- Born: Flora Buchan Murray 1 August 1896 New Zealand
- Died: 1968 (age 72) Edinburgh, Scotland
- Resting place: Grange Cemetery, Edinburgh, Scotland
- Scientific career
- Fields: botany
- Institutions: Rangi Ruru Girls' School, Canterbury University College, Edinburgh University, Sunderland College
- Thesis: Studies in the development of the sexual tissues in the genus rhododendron (1932);

= Flora Murray (botanist) =

New Zealand botanist (1896–1968)

Flora Buchan Murray (1 August 1896 – 1968) was a New Zealand botanist, and was the second woman appointed as permanent staff at Canterbury University College.

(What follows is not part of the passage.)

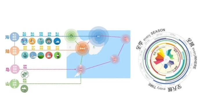 2024年10月15日下午,習近平總書記在福建省漳州市東山縣,考察陳城鎮(zhèn)澳角村,了解當?shù)赝七M鄉(xiāng)村全面振興等情況,指出要“做好‘?!奈恼隆保诋?shù)匾l(fā)熱烈反響。長期以來,習近平總書記的系列重要論述為鄉(xiāng)村振興和鄉(xiāng)村規(guī)劃指明了方向?!懊褡逡獜团d,鄉(xiāng)村必振興”“鄉(xiāng)村振興是一盤大棋,要沿著正確方向把這盤大棋走好,必須規(guī)劃先行”,這些論述深刻闡明了規(guī)劃設計在鄉(xiāng)村振興中的重要作用,強調鄉(xiāng)村振興要堅持規(guī)劃先行、切實發(fā)揮規(guī)劃引領作用。作為漳州市城鄉(xiāng)規(guī)劃建設的重要技術支撐單位,福建中咨規(guī)劃集團堅持以規(guī)劃賦能,走好鄉(xiāng)村規(guī)劃這步“先手棋”,助力澳角村在鄉(xiāng)村振興的千帆競發(fā)中并進爭先。 澳角村位于東山縣的東南部,兩海交匯、三面朝海、四島守護,面積6.83平方公里。全村現(xiàn)有大馬力鋼質漁船88艘、水產(chǎn)品加工企業(yè)38家、海鮮電商117家、民宿41家。2023年村集體收入173萬元,農民人均可支配收入5.8萬元,先后獲評全國文明村、全國最美漁村等稱號。 全景俯瞰圖 近年來,福建中咨規(guī)劃集團結合地方實際情況和規(guī)劃工作特點,在澳角村開展《東山縣陳城鎮(zhèn)澳角村旅游規(guī)劃暨人居環(huán)境提升規(guī)劃設計》《東山澳角雙月灣、大肉山景區(qū)旅游策劃及景觀概念方案設計》等多個規(guī)劃設計項目,為澳角村鄉(xiāng)村振興工作奠定基礎。 依山傍海,村美民富。項目組深挖澳角村特色文化,打響東南沿海漁旅融合新標桿,將“匠心”體現(xiàn)在鄉(xiāng)村振興的每一絲脈絡、每一處細節(jié)。 因地制宜 促進鄉(xiāng)村產(chǎn)業(yè)融合 澳角村具有依山傍水的空間肌理、風景秀麗的自然風光和得天獨厚的資源稟賦。作為集度假休閑、娛樂交互、藝術文化交流為一體的多功能都市海岸,澳角村著力打造以海洋開發(fā)為核心的旅游、生產(chǎn)、生活區(qū),并逐步形成以海洋捕撈及養(yǎng)殖業(yè)、水產(chǎn)品精深加工產(chǎn)業(yè)、鄉(xiāng)村旅游產(chǎn)業(yè)、電商微商產(chǎn)業(yè)為發(fā)展基礎的四大產(chǎn)業(yè),造福當?shù)厝嗣瘛?/span> 福建中咨規(guī)劃集團在充分了解村民對產(chǎn)業(yè)升級的需求后,著手梳理澳角村產(chǎn)業(yè)發(fā)展現(xiàn)狀,針對“向海而生”的產(chǎn)業(yè)發(fā)展訴求,設計團隊創(chuàng)新“海洋+文旅”模式,探索文旅新質生產(chǎn)力發(fā)展路徑,賦能漁村漁旅高質量融合發(fā)展,唱響“山海經(jīng)”新篇章。 設計團隊為滿足多節(jié)點、多層次、多樣性的旅游和生產(chǎn)生活需求,在時間上,堅持“全季節(jié)、全天候”的產(chǎn)業(yè)項目策劃,遵循當?shù)貪O業(yè)作息規(guī)律,引導游客、村民進行濱海技藝觀賞和節(jié)慶互動;在空間上,融合“山-陸-海-島”的聯(lián)動發(fā)展模式,將海上娛樂、商業(yè)服務、自然觀光相結合,塑造山海一體的澳角村度假品牌形象。 “海洋+”發(fā)展策略 設計團隊的心血在實踐中取得良好成效。近年來,在第十四屆全國人大代表、澳角村黨委書記林華忠的帶領下,澳角村發(fā)展冷鏈倉儲,借力電商直播等平臺,讓海產(chǎn)品“游”上互聯(lián)網(wǎng),遠銷海內外。同時,澳角村依托其地形優(yōu)勢和豐富的旅游資源發(fā)展鄉(xiāng)村旅游,逐步成為澳角村新的發(fā)展引擎。 黨建引領 繪就鄉(xiāng)村振興圖景 作為鄉(xiāng)村振興試點村,澳角村連續(xù)五屆榮獲中央文明委授予的“全國文明村”稱號,先后獲得“福建省新農村建設示范村”“福建省鄉(xiāng)村旅游特色村”等榮譽稱號。澳角村黨委發(fā)揚敢為人先、敢于拼搏的精神,全面加強基層黨組織建設,致力打造“海味黨建、號角先鋒”黨建品牌,以“黨建+鄉(xiāng)村振興”為載體,全力實現(xiàn)“支部創(chuàng)五星、黨員當先鋒、海味黨建濃、鄉(xiāng)村振興實”的目標。這種黨建與地方發(fā)展相融互促的鮮明特色,也成為中咨項目組在規(guī)劃中著力突出的亮點。 項目組通過調研發(fā)現(xiàn),主要居民點西北側主入口沿街兩側風貌較差,于是,他們腦洞大開,通過給街道“老墻上新妝”,巧妙地將黨建文化建設與村容村貌提升工作相結合,突顯地方黨建特色。同時深入挖掘東山紅色文化,選取谷文昌同志在東山植樹造林防風治沙的偉大事業(yè)與鄉(xiāng)村振興的實踐工作為題材,將澳角村地方黨建事跡、特色黨建文化融入黨建墻設計,提升文化在地性;優(yōu)化行道樹及周邊綠地植物配置,為澳角村道路提升提供良好示范。 澳角村黨建墻立面效果圖 “項目中我們進一步落實了鄉(xiāng)村規(guī)劃中加強村莊規(guī)劃的宣傳工作要求?!表椖控撠熑肃嵨跽f道,“在設計中我們將海浪紋與照片墻相結合,既體現(xiàn)了東山海島的自然風貌,又使照片墻帶來歷史長河承載古今、谷文昌精神不斷延續(xù)的景觀文化效果。” 生態(tài)整治 提高人居環(huán)境質量 澳角村古厝風貌獨具特色,站在古厝最高處可欣賞山海美景,而穿梭在古厝間,又可在歷史街巷、“國姓井”等地體驗古色古香。但古厝的古典風貌也伴隨著整體環(huán)境堪憂、電線錯亂、垃圾散落、部分墻體殘破等問題,整體規(guī)整亟需提升。項目團隊結合古厝現(xiàn)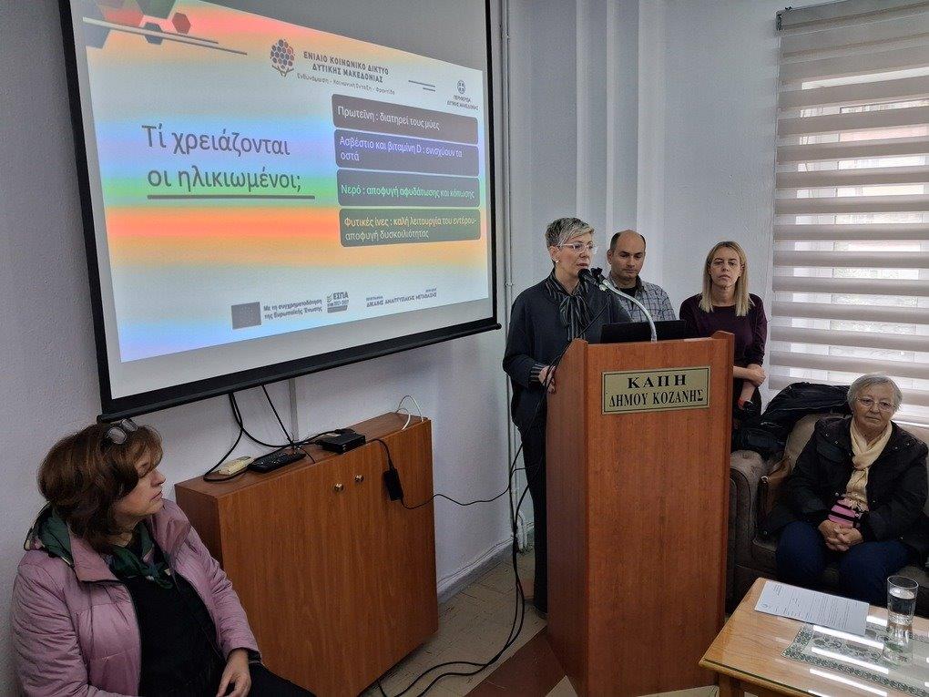 Στην εκδήλωση συμμετείχαν οι γιατροί του Ενιαίου Κοινωνικού Δικτύου Δυτικής Μακεδονίας, Ματίνα Κουντουρά και Μαρία Μόσχου, καθώς και ο γυμναστής Δημήτρης Βαλταδώρος από το Τμήμα Γυμναστικής των ΚΑΠΗ. Οι ομιλητές ανέλυσαν πρακτικούς τρόπους διατήρησης της καλής φυσικής κατάστασης, τόνισαν τη σημασία της σωστής διατροφής και μίλησαν για την αξία της πρόληψης σε κάθε ηλικία.

== Early life and education ==
Flora Buchan Murray was born in New Zealand on 1 August 1896 to parents the Reverend Charles and Grace Jane Murray. She grew up in Carterton, near Wellington, and was educated at Christchurch Girls' High School. She enrolled at Canterbury University College in 1915, and was the winner of the prize in zoology for 1916–1917. Murray graduated with a Bachelor of Arts in 1920, and followed this with an MA with first class Honours in Botany in 1921. Her dissertation was on indigenous plants in the Port Hills.

== Academic career ==

Murray taught at Rangi Ruru Girls' School but was then appointed as an assistant lecturer in the Department of Biology at the Canterbury University College in 1922, under head Charles Chilton. She was the second woman to be appointed to the staff, and worked alongside the first, Elizabeth Herriott. Murray also worked as a research assistant in forestry.

In May 1929 Murray was awarded the Sir William Hartley Scholarship for three years' overseas study. She was awarded a doctorate in 1932 by the University of Edinburgh, for a dissertation entitled Studies in the development of the sexual tissues in the genus rhododendron. She appears to have worked both at the University of Edinburgh and at Sunderland College in the UK.

== Later life ==
Murray died in Edinburgh in 1968, and is buried in Grange cemetery with her sister Grace Bryce Murray. Her memorial mentions her PhD.

== Legacy ==
In 2017, Murray was selected as one of the Royal Society Te Aparangi's 150 women in 150 words, celebrating the contributions of women to knowledge in New Zealand.